Exercise details: Copying task for the records below: reproduce each one exactly and drop the pictures.

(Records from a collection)
————————

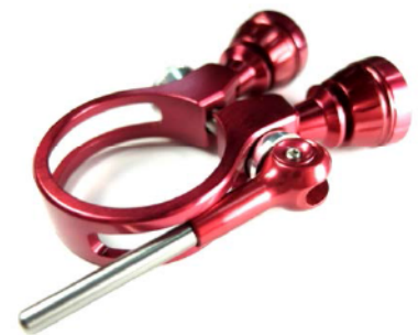
Titanium lever, Twin LED

Material: AL6061 T6, Anodizing color: LED color: Battery: CR1632, Output: 2,000 mcd Runtime: Steady: 20 hrs, Flash: 60 hrs Function: Steady>>>Flash>>>Off All products are water-repellent
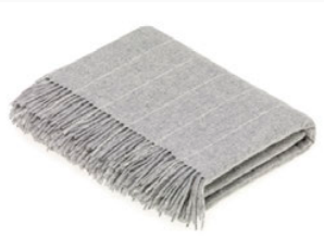
PRESTON GREY Lambswool
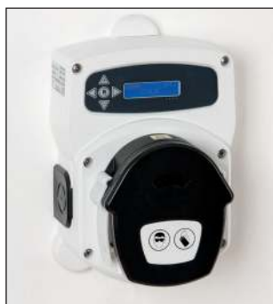
IWM chemical dosing unit
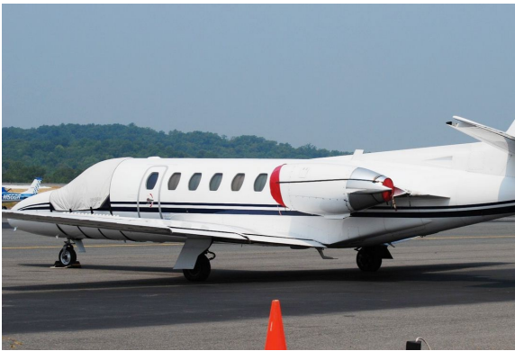
Raytheon Beechjet 400 Fuselage/Nose Cover, Engine Covers Cessna Citation S2 Cockpit Cover, Intake Covers & Exhaust Plugs
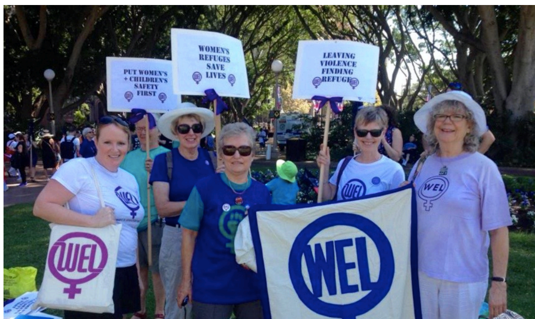
International Women's Day March and Rally 2016
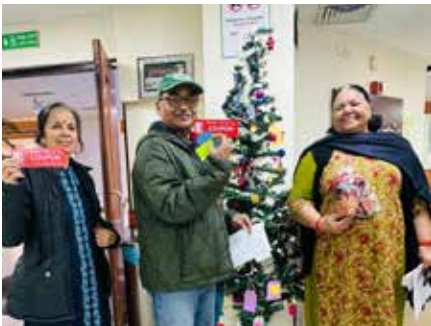
Fortis Escorts, Faridabad
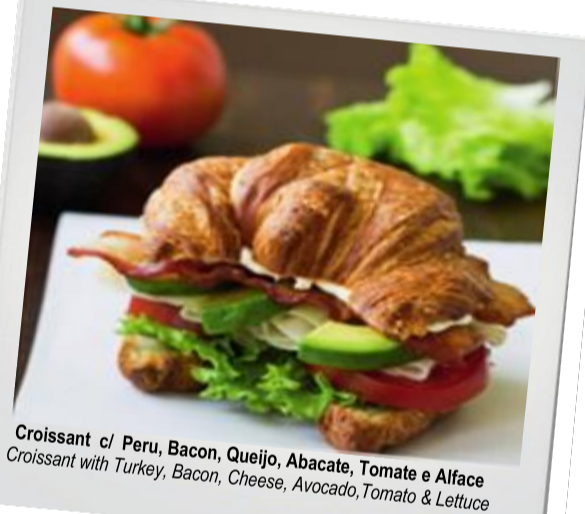
Croissant c/ Peru, Bacon, Queijo, Abacate, Tomate e Alface Croissant with Turkey, Bacon, Cheese, Avocado, Tomato & Lettuce

————————

Answer space:
Titanium lever, Twin LED

Material: AL6061 T6, Anodizing color: LED color: Battery: CR1632, Output: 2,000 mcd Runtime: Steady: 20 hrs, Flash: 60 hrs Function: Steady>>>Flash>>>Off All products are water-repellent
PRESTON GREY Lambswool
IWM chemical dosing unit
Raytheon Beechjet 400 Fuselage/Nose Cover, Engine Covers Cessna Citation S2 Cockpit Cover, Intake Covers & Exhaust Plugs
International Women's Day March and Rally 2016
Fortis Escorts, Faridabad
Croissant c/ Peru, Bacon, Queijo, Abacate, Tomate e Alface Croissant with Turkey, Bacon, Cheese, Avocado, Tomato & Lettuce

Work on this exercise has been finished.